▶ _Exercise requirements_: Please output the listing that follows exactly, but keep all images out.

▶ _Available data_:

● ● ●

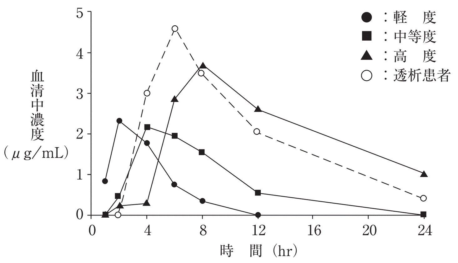 腎機能障害患者及び人工透析導入患者(いずれも成人)に200mgを食後単回経口投与した場合、セフジトレンの血清中濃度・薬物動態パラメータは、図2・表2のとおりであり、いずれの場合も高値で推移し、腎機能の障害の程度に応じたT1/2の遅延が認められた。また、尿中排泄率は腎機能の障害の程度が大きくなるにつれて低下し、排泄の遅延が認められた4)。,
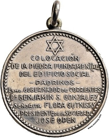 Anverso: SCHOLEM ALEJEM ( SOCIEDAD ISRAELITA ) / CORRIENTES 8 DE JULIO DE 1928 Reverso: COLOCACIÓN / DE LA PIEDRA FUNDAMENTAL / DEL EDIFICIO SOCIAL / - PADRINOS - / EXMO. GOBERNADOR DE CORRIENTES / DR. BENJAMIN S. GONZALEZ / SEÑORITA FLORA GUTNISKY / PRESIDENTE DE LA SOCIEDAD / JOSÉ OPEN Referencia: | |
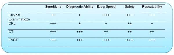 ה-US לזיהוי נוזלים בחלל הבטן FAST הוא הכלי העיקרי להערכת חבלה ודימום תוך-בטני. על שמע מכוון טראומה (Focused Abdominal Sonography for Trauma) הוא כלי אבחוני ראשוני ומהיר לאיתור נוזלים בחלל הצפק. היתרונות הגדולים הטמונים בבדיקה זו הם: היכולת לבצעה בחדר טראומה ללא צורך בשינוע הפצוע, מהירות ביצועה והיותה בלתי פולשנית. בבדיקה זו מאותר נוזל באשר הוא ולא ניתן להבחין באמצעותה בין נוזל שמקורו במעי הדק לבין דם. בנוסף, השגת מידע מהימן בבדיקה זו היא תלויית בודק, דהיינו, מיומנות מבצע הבדיקה משליכה על רגישותה. נראה כי רגישות הבדיקה משתנה בין דיווחים שונים בטווח שבין 67% ל-94% . ערך הניבוי השלילי של בדיקה זו עומד על 99%. טבלה 1.16 מסכמת את ההשוואה בין השיטות השונות לאבחון.
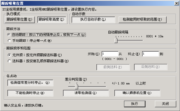 以一定的间隔,依次使用摄像机捕获贴片位置。在以下的“自动跟踪间隔”中设定的
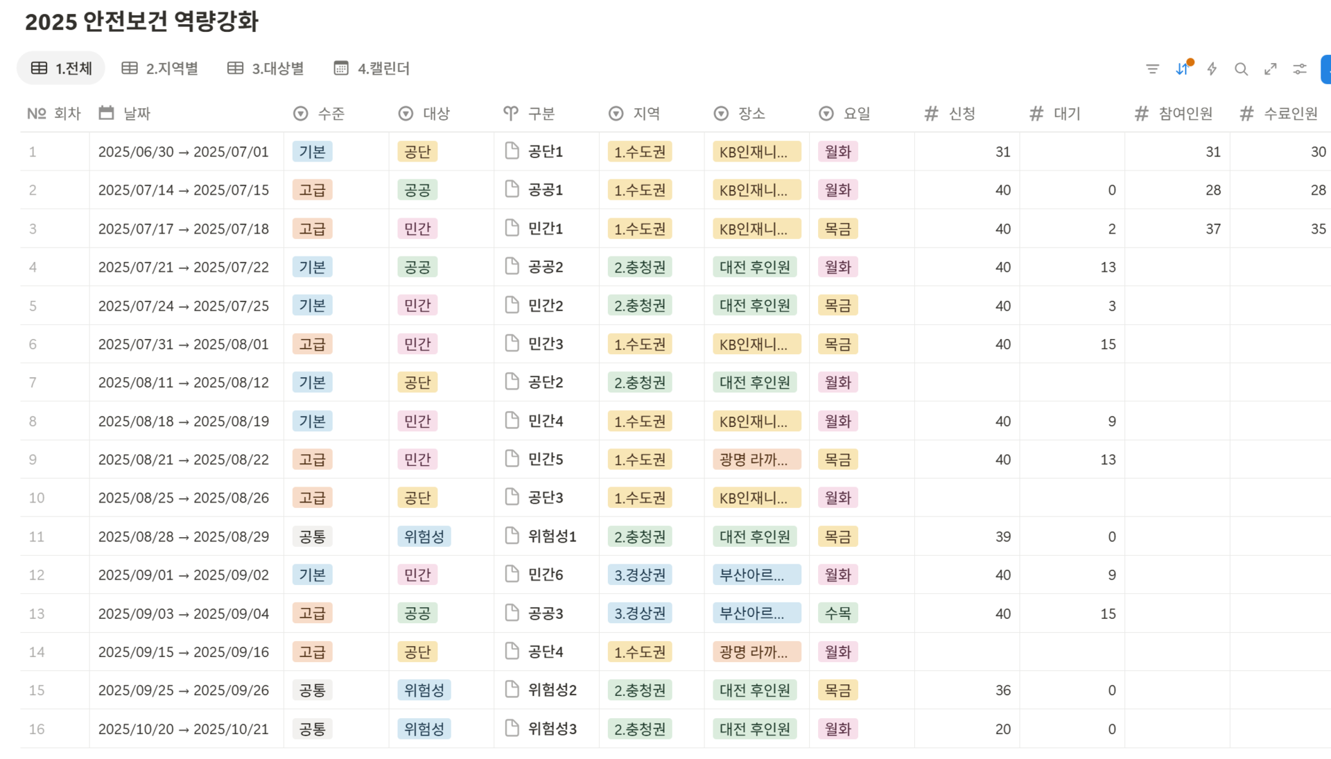 교육 신청 및 수료 현황

● ● ●

▶ _Solved exercise_:
 腎機能障害患者及び人工透析導入患者(いずれも成人)に200mgを食後単回経口投与した場合、セフジトレンの血清中濃度・薬物動態パラメータは、図2・表2のとおりであり、いずれの場合も高値で推移し、腎機能の障害の程度に応じたT1/2の遅延が認められた。また、尿中排泄率は腎機能の障害の程度が大きくなるにつれて低下し、排泄の遅延が認められた4)。,
 Anverso: SCHOLEM ALEJEM ( SOCIEDAD ISRAELITA ) / CORRIENTES 8 DE JULIO DE 1928 Reverso: COLOCACIÓN / DE LA PIEDRA FUNDAMENTAL / DEL EDIFICIO SOCIAL / - PADRINOS - / EXMO. GOBERNADOR DE CORRIENTES / DR. BENJAMIN S. GONZALEZ / SEÑORITA FLORA GUTNISKY / PRESIDENTE DE LA SOCIEDAD / JOSÉ OPEN Referencia: | |
 ה-US לזיהוי נוזלים בחלל הבטן FAST הוא הכלי העיקרי להערכת חבלה ודימום תוך-בטני. על שמע מכוון טראומה (Focused Abdominal Sonography for Trauma) הוא כלי אבחוני ראשוני ומהיר לאיתור נוזלים בחלל הצפק. היתרונות הגדולים הטמונים בבדיקה זו הם: היכולת לבצעה בחדר טראומה ללא צורך בשינוע הפצוע, מהירות ביצועה והיותה בלתי פולשנית. בבדיקה זו מאותר נוזל באשר הוא ולא ניתן להבחין באמצעותה בין נוזל שמקורו במעי הדק לבין דם. בנוסף, השגת מידע מהימן בבדיקה זו היא תלויית בודק, דהיינו, מיומנות מבצע הבדיקה משליכה על רגישותה. נראה כי רגישות הבדיקה משתנה בין דיווחים שונים בטווח שבין 67% ל-94% . ערך הניבוי השלילי של בדיקה זו עומד על 99%. טבלה 1.16 מסכמת את ההשוואה בין השיטות השונות לאבחון.
 以一定的间隔,依次使用摄像机捕获贴片位置。在以下的“自动跟踪间隔”中设定的
 교육 신청 및 수료 현황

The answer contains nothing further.